La política porque estamos fijando los pilares para un potencial Partido Liberal de Venezuela, pero este partido político no puede surgir de la nada. Los venezolanos necesitan tener conocimientos amplios de lo que es el capitalismo liberal antes de que nazca cualquier partido. La política implica ideas radicales: con el partido pretenderemos alcanzar puestos públicos a medio y largo plazo para profundizar el Proceso, limitar el gobierno y reformar la Constitución. En otras palabras, la política es el medio que aplicaremos para cambiar el sistema. 

La propaganda porque los venezolanos tienen el derecho de saber qué es y cómo funciona el capitalismo liberal. Hemos hecho documentales, hemos pintado paredes e impreso panfletos. Debemos continuar haciéndolo inteligentemente para penetrar a las distintas esferas sociales venezolanas.

También hemos creado, junto con otros movimientos, un frente de acción juvenil, las Juventudes Liberales de Venezuela, para poder penetrar en el sistema universitario venezolano. 

Y lo más importante, hemos aprendido a jugar sin presupuesto. Hicimos un documental de media hora que apenas superó los cuatro millones de bolívares; pintamos 90 murales en una capital con poco más de un millón de bolívares. El presupuesto, una de nuestras mayores flaquezas, no ha sido un limitador de nuestras actividades. Simplemente hemos aprendido a ajustarnos a las circunstancias.

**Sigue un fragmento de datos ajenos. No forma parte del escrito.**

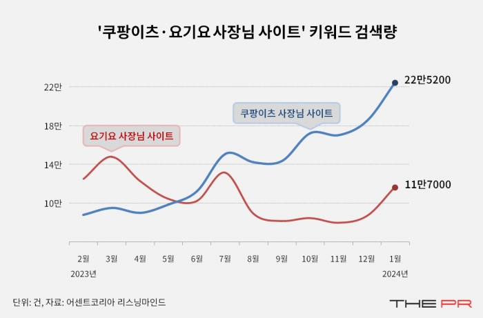 점주들 사이에서도 관심의 정도가 다르게 나타났다. 검색 데이터 기반 마케팅 테크기업 어센트코리아의 리스닝마인드 데이터에 따르면 ‘쿠팡이츠 사장님 사이트’의 검색량이 지난해 2월 8만7700회에서 올 1월 22만5200회로 급증했다.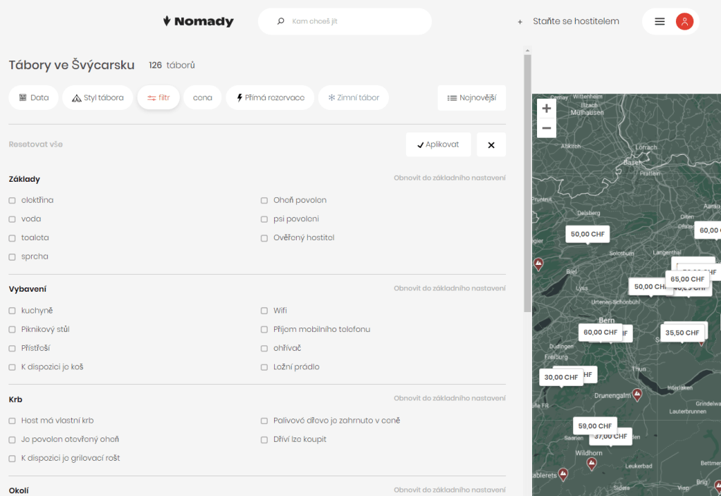 Vybírat místo si lze pomocí mapy a nebo jsou místa tematicky roztříděna. U každého místa je pak vypsáno jeho vybavení i to, pro jaký typ ubytování je vhodné, samozřejmě je uvedena i cena za noc.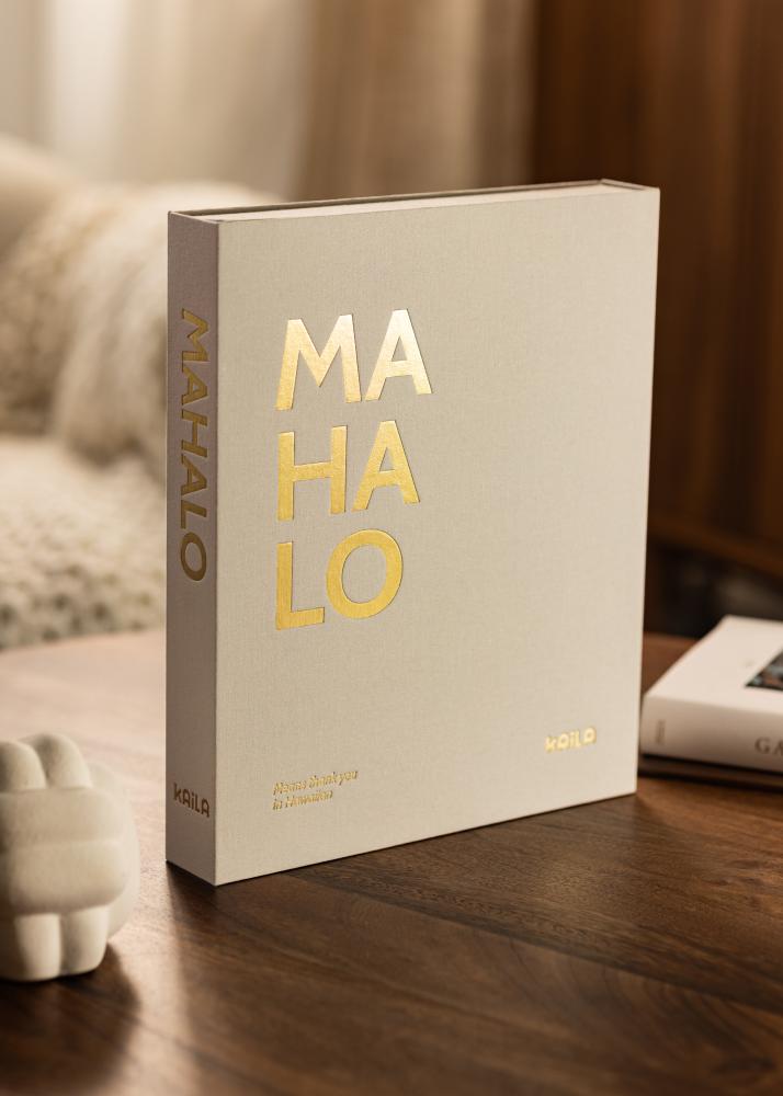 Ezzel a Coffee Table Bookkal egy praktikus fényképalbumot és egy szép lakberendezési kiegészítőt kap egy csomagban! Az album egy exkluzív dobozként van kialakítva, szürke textilborítással és aranyszínű nyomtatással, amelyen a „MAHALO” felirat olvasható. Az album bal sarkában egy alcím található: „Means thank you in Hawaiian”. A klasszikus kifejezés miatt ez a Coffee Table Album tökéletesen illik a könyvespolcra vagy a nappali asztalára.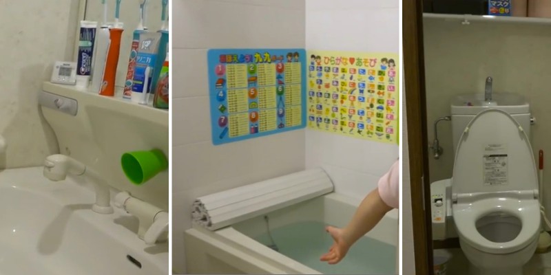 В Японии стены используются для отделения раковины, ванной и туалета друг от друга. В то время как один человек чистит зубы, другой может принять ванну, и третий человек может посидеть на унитазе.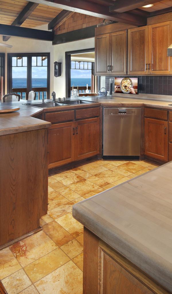 Wallpaper Wooden furniture in the kitchen with windows overlooking the sea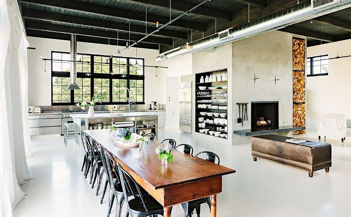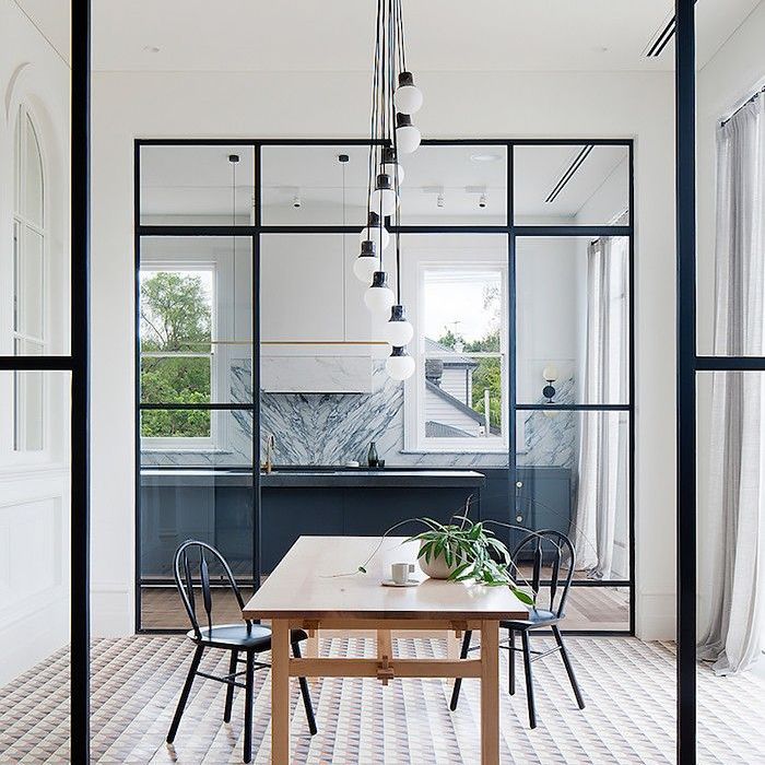 一些房主仍然喜欢把厨房和餐厅分开。一个很好的替代方案是用大的钢框架门来分隔空间,这提供了视觉上的分离,但仍然保持两个空间的连接。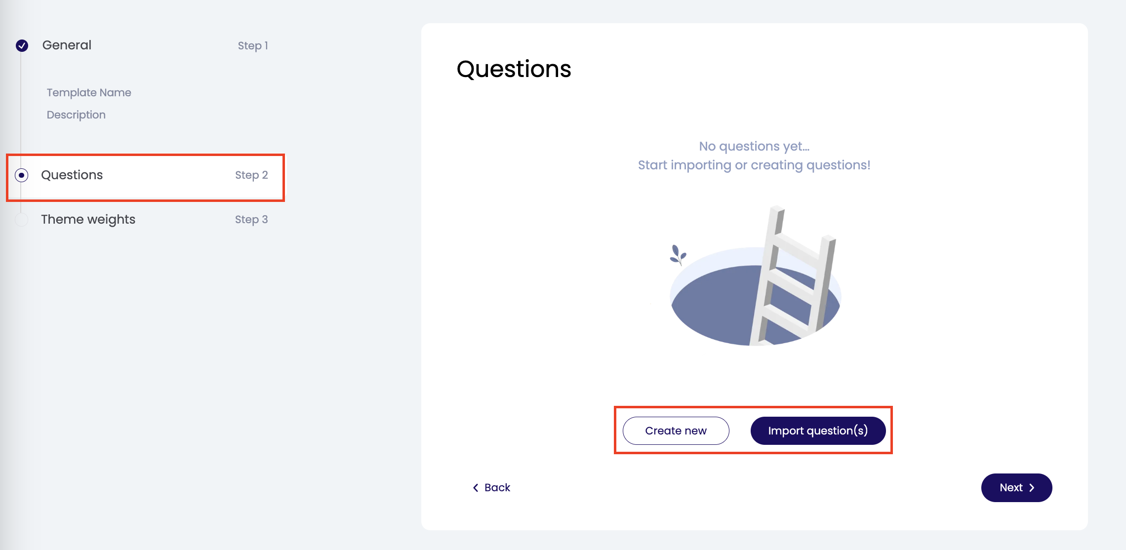 Wanneer je naar stap twee gaat, ga je de vragen toevoegen. Je kunt zowel een nieuwe vraag direct aan het template toevoegen als vragen importeren.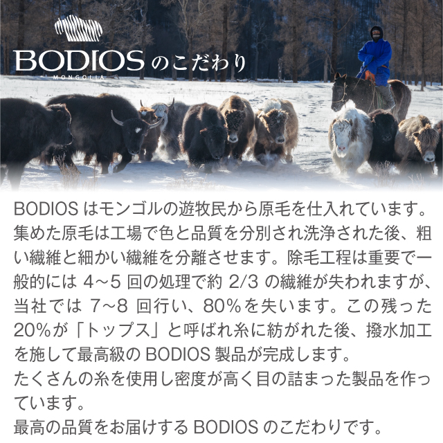 この毛は一生で一度しか採取できず、通常のキャメルウールよりもさらにふんわりとした肌触りを持っています。優れた保温性と吸湿性を備えており快適です。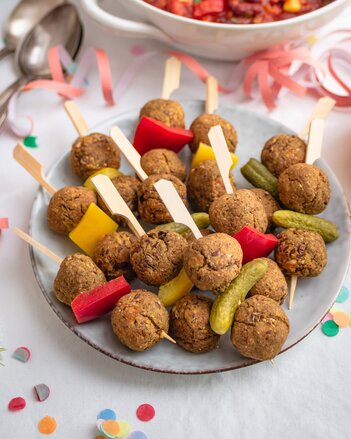 Die Linsenbällchen sind gemeinsam mit kleinen Essiggurkerln und Paprikastücken auf Holzspieße gespießt, diese liegen auf einem Teller.  | © SONNENTOR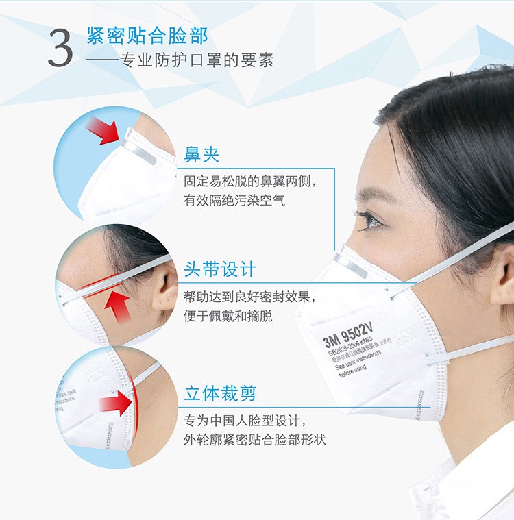 3M9502V防塵口罩為頭帶式KN95口罩,這款防塵口罩密封性好,佩戴舒適,可調(diào)節(jié)鼻夾設(shè)計(jì)。3M9502V防塵口罩高彈性拉帶、伸縮性好、專業(yè)的針對(duì)普通粉塵而設(shè)計(jì)的一款高效3M防塵口罩。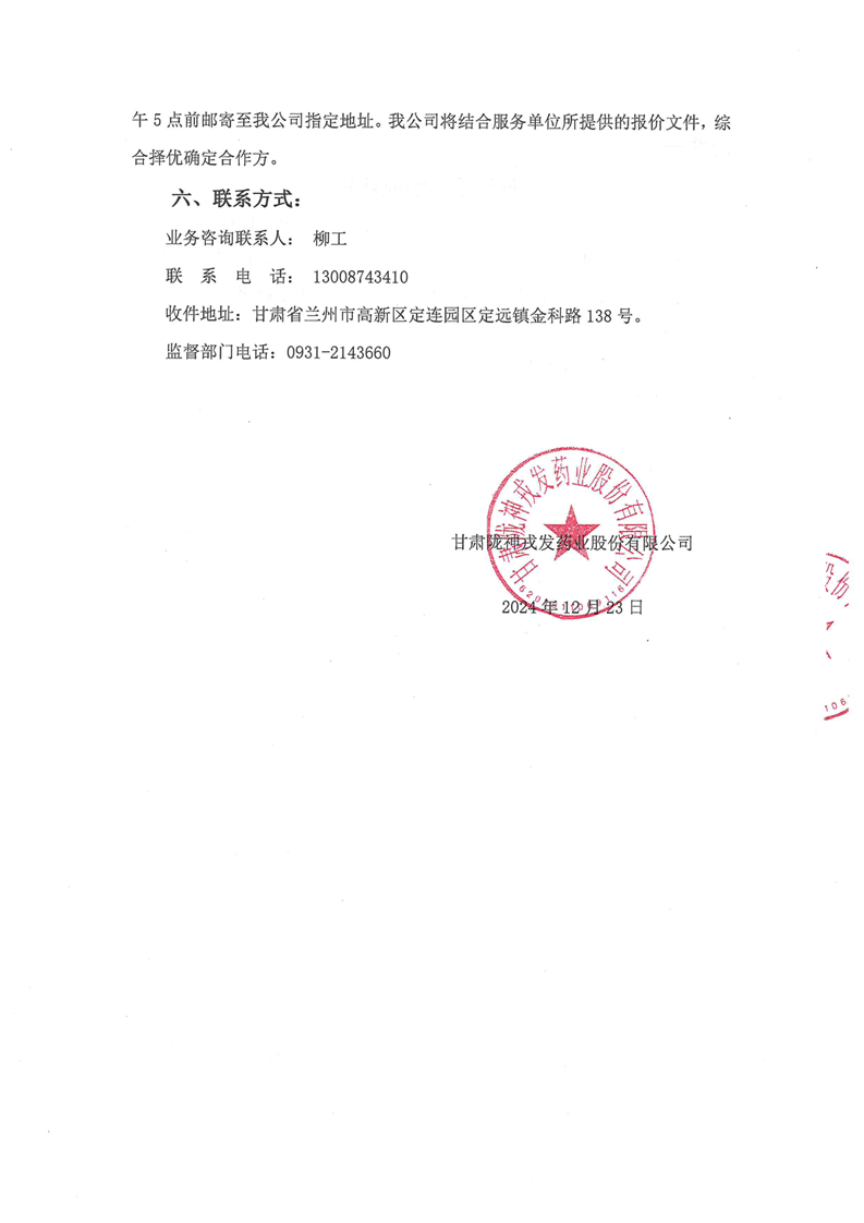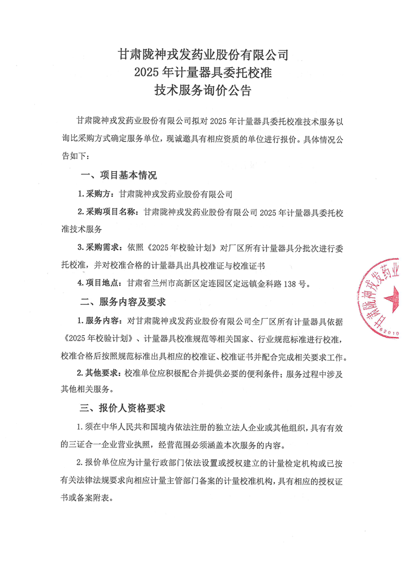 甘肃陇神戎发药业股份有限公司2025年计量器具委托校准技术服务询价公告

Venezuela va encaminada hacia la servidumbre si permitimos que las ideas socialistas se sigan aplicando en la arena política nacional. Es alarmante, pero de ser aprobada la reforma de la Constitución en diciembre de 2007, la Organización por la Democracia Liberal en Venezuela se convertirá en un movimiento anticonstitucional y el gobierno tendrá la potestad de ilegalizarnos si lo encuentra necesario. Esto no frenará, sin embargo, nuestras actividades. Si tenemos que convertirnos en un movimiento clandestino, lo haremos, pero no cesaremos nuestras actividades en el país hasta que hayamos completado nuestro proceso de cambio.

Llegó la hora de decir que en Venezuela sí hay una oposición que cree en el Capitalismo, en las libertades individuales, la paz y los gobiernos limitados. La única oposición del país que realmente se opone al socialismo en todas sus variantes. Y esa oposición la representamos nosotros.